A small vibration against Jess’s leg interrupted. She shifted in the seat and pulled out Weir’s phone. Dom had switched off the jammer that had preven
ted Weir’s earlier call, and now Weir was receiving one. She read the caller ID.
“Who’s MCP?” she asked. “Ironwood?”
“No. It’s . . . Master Control Program.” Weir shrugged. “A lame joke. It’s my computer. At my lab.”
Jess waited for a fuller explanation.
“It’s running a long program. It can’t have finished this fast, so it’s probably letting me know it’s had a positive match.”
“Is your computer how you find the geographic clusters?”
“Yeah. It’s comparing billions of amino-acid sequences. Sort of thing couldn’t be done even five years ago. Not without a supercomputer.”
Jess held up the phone. “Does this mean you’ve found another one?”
“Nope. I’m probably another few weeks away from doing that. If there is another one to find.”

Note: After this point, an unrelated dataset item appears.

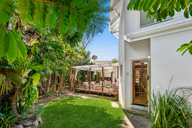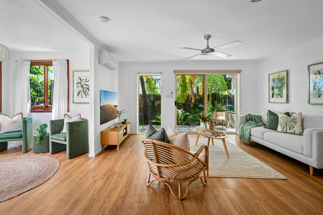 Tucked away at the end of the complex for maximum privacy, the home enjoys a northerly aspect and the peaceful sounds of nature. Inside, modern, light-filled interiors flow from a generous kitchen into relaxed living areas, with timber floors, and cedar-trimmed French doors that open to the tropical garden and alfresco entertaining zone.
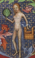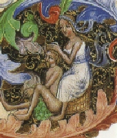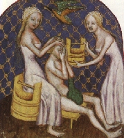A bathing woman in underwear. Bohemian, late 14th or early 15th century From Codices vindobonenses 2759-2764 in the Osterreichischen Nationalbibliothek, in Vienna, Austria. |

“But you’ve found three so far.”
“Yeah.”
“There’re nine more.” Jess no longer felt unsure about what to do with Weir. She flipped open a hidden cover on the arm of her seat, revealing a series of buttons. She pressed the one that summoned Dom LaSalle.
“How do you know?”
Jess didn’t answer him. The interrogation was over. She’d made her decision, one she wasn’t authorized to make. She stood and slipped her gun back into the holster in the small of her back. She wasn’t doing this Emil’s way anymore. Or Su-Lin’s.
She was a defender. She’d do it her way.
SEVENTEEN
In all of New Jersey, there were only eighteen Bentleys of the model Roz Marano had glimpsed in the rain, and only one with the letters LED on its license plate.

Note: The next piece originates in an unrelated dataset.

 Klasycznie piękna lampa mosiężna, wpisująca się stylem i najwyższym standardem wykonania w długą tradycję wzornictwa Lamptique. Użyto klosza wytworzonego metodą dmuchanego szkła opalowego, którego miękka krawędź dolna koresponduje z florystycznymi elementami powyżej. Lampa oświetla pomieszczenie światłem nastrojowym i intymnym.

“Owner is Mordecai Diego Rodrigues.” Roz read from the screen on her laptop behind the wheel of the Intrepid. They were still parked under the overpass. Wishing he had coffee, Lyle sat beside her, watching the state police crime scene investigators load Weir’s Jeep onto a flatbed trailer.
“Age sixty-two,” Roz read out. “Occupation listed as consultant.”